[Start of section]
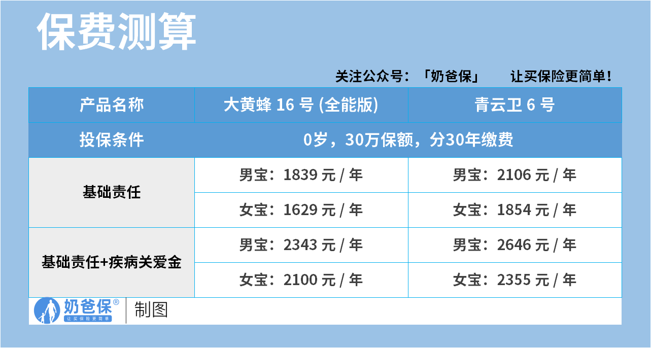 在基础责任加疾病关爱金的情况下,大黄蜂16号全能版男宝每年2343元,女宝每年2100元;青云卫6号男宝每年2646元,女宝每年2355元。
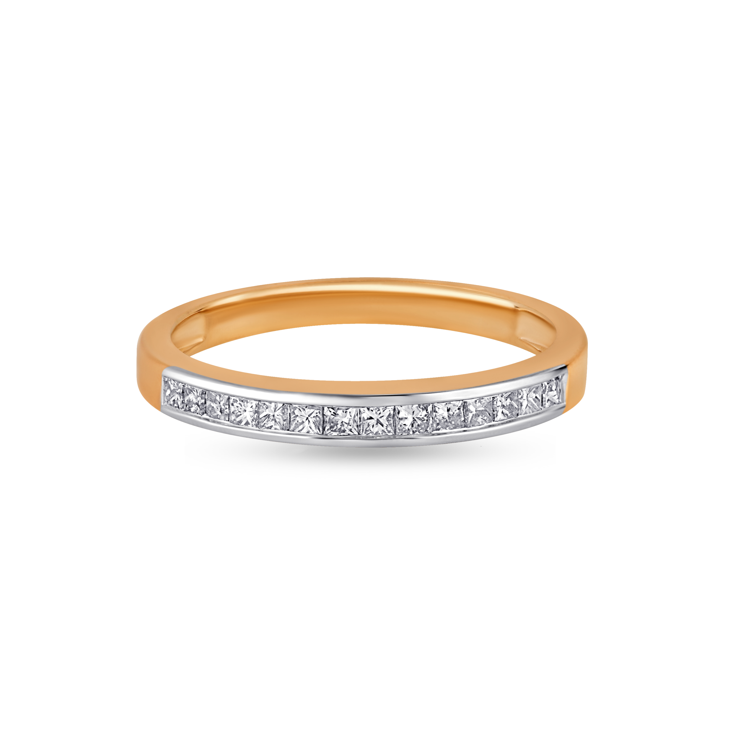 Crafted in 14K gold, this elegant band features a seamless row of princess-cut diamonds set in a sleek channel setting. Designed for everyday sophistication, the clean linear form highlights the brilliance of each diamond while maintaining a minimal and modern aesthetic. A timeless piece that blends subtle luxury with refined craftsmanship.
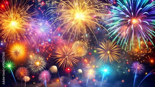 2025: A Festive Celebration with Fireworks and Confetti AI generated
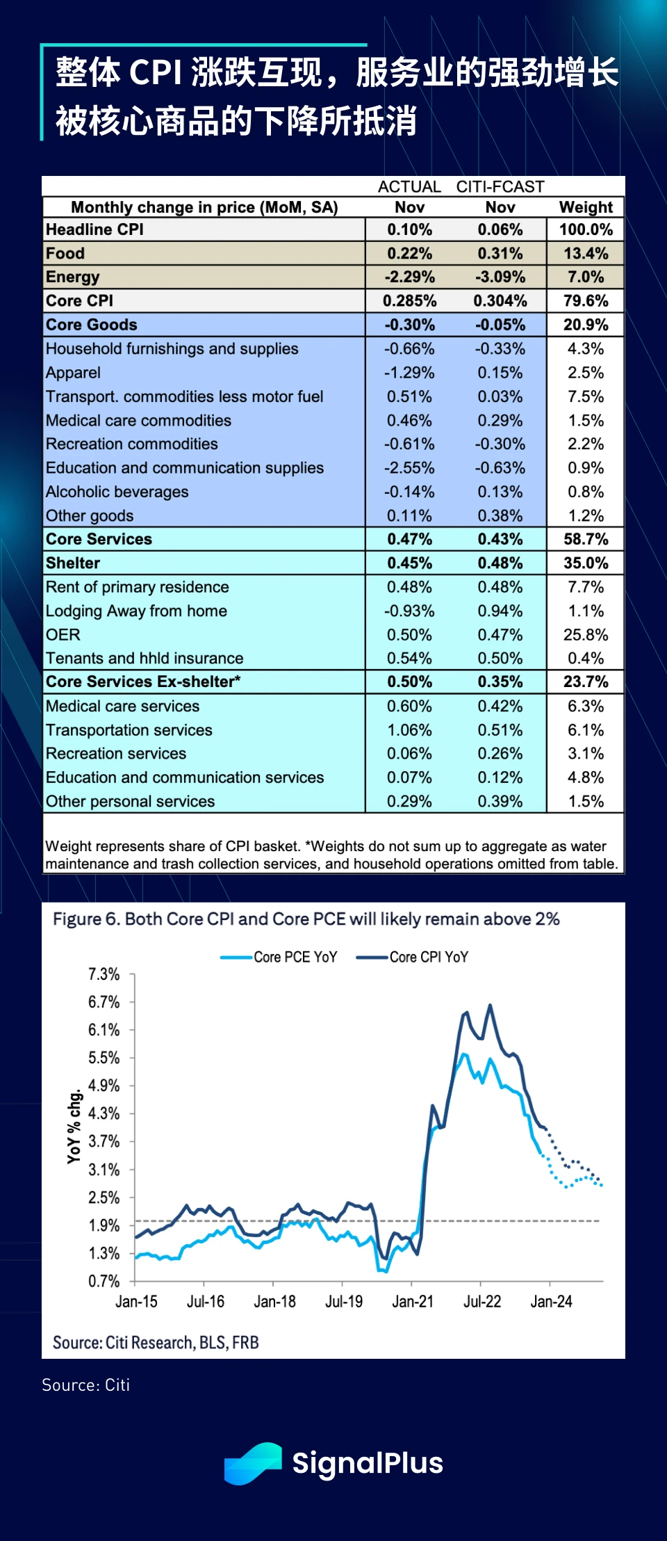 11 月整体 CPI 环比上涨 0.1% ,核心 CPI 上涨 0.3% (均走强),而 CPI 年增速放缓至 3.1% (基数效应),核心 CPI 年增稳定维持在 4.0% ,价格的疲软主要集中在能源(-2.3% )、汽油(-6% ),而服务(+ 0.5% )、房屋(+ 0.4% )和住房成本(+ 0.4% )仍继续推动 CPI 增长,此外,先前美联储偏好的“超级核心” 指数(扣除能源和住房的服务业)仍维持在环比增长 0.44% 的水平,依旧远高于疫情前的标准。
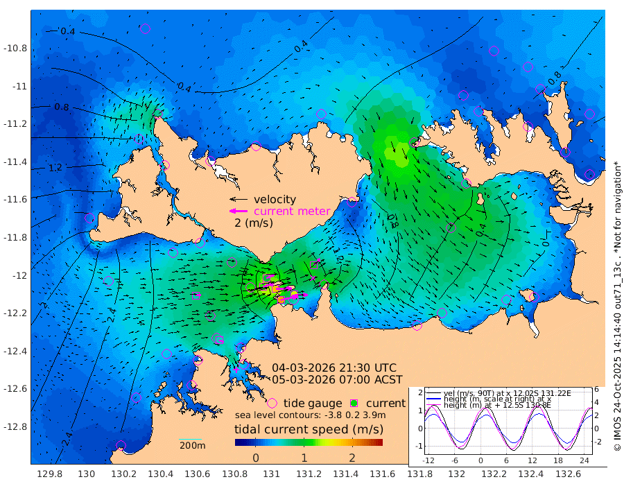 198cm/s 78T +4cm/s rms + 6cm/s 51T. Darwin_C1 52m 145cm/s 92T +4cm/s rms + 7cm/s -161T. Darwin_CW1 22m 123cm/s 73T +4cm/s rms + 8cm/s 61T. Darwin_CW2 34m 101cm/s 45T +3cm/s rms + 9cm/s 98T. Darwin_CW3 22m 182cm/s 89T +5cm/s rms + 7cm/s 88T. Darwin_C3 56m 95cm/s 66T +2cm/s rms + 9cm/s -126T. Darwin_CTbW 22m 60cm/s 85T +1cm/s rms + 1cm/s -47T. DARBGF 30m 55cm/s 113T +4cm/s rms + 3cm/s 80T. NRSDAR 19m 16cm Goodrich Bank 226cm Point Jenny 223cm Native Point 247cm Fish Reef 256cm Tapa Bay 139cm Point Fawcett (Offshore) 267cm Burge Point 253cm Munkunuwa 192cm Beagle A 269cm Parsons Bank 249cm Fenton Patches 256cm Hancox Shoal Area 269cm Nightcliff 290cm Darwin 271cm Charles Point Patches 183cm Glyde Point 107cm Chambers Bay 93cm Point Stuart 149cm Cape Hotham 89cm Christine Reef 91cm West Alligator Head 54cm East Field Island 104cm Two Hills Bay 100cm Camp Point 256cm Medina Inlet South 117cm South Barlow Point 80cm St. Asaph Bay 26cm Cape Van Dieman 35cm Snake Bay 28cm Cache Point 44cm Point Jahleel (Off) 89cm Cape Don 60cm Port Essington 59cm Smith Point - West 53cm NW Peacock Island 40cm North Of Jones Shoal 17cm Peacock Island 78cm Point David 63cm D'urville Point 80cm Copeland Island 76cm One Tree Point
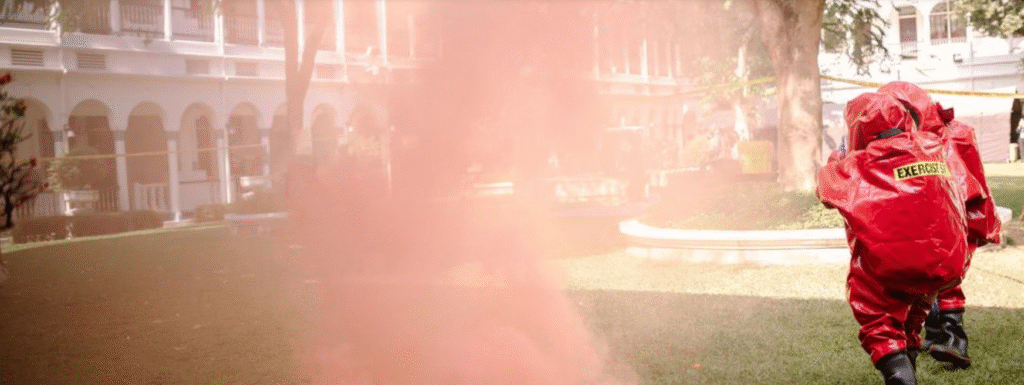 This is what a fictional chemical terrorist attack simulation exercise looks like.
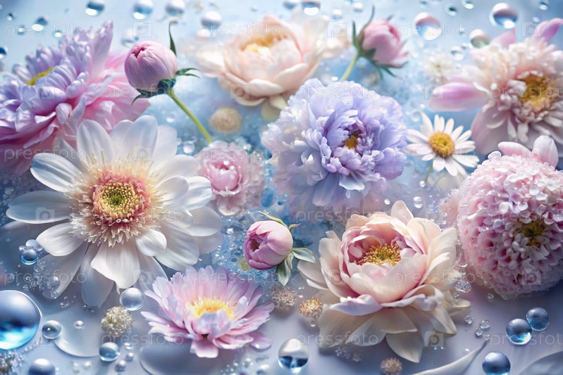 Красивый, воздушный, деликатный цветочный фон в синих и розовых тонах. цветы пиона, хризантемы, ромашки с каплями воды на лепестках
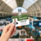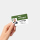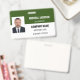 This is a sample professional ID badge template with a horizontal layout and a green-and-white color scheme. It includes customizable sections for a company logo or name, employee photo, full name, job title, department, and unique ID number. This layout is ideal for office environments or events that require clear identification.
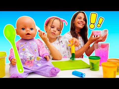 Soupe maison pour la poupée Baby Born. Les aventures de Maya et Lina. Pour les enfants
[End of section]
## Work request:
Leaving every picture out, write out exactly the lines from the beginning of the listing above to the line with "11 月整体 CPI 环比上涨", inclusive.

## Output for this task:
 在基础责任加疾病关爱金的情况下,大黄蜂16号全能版男宝每年2343元,女宝每年2100元;青云卫6号男宝每年2646元,女宝每年2355元。
 Crafted in 14K gold, this elegant band features a seamless row of princess-cut diamonds set in a sleek channel setting. Designed for everyday sophistication, the clean linear form highlights the brilliance of each diamond while maintaining a minimal and modern aesthetic. A timeless piece that blends subtle luxury with refined craftsmanship.
 2025: A Festive Celebration with Fireworks and Confetti AI generated
 11 月整体 CPI 环比上涨 0.1% ,核心 CPI 上涨 0.3% (均走强),而 CPI 年增速放缓至 3.1% (基数效应),核心 CPI 年增稳定维持在 4.0% ,价格的疲软主要集中在能源(-2.3% )、汽油(-6% ),而服务(+ 0.5% )、房屋(+ 0.4% )和住房成本(+ 0.4% )仍继续推动 CPI 增长,此外,先前美联储偏好的“超级核心” 指数(扣除能源和住房的服务业)仍维持在环比增长 0.44% 的水平,依旧远高于疫情前的标准。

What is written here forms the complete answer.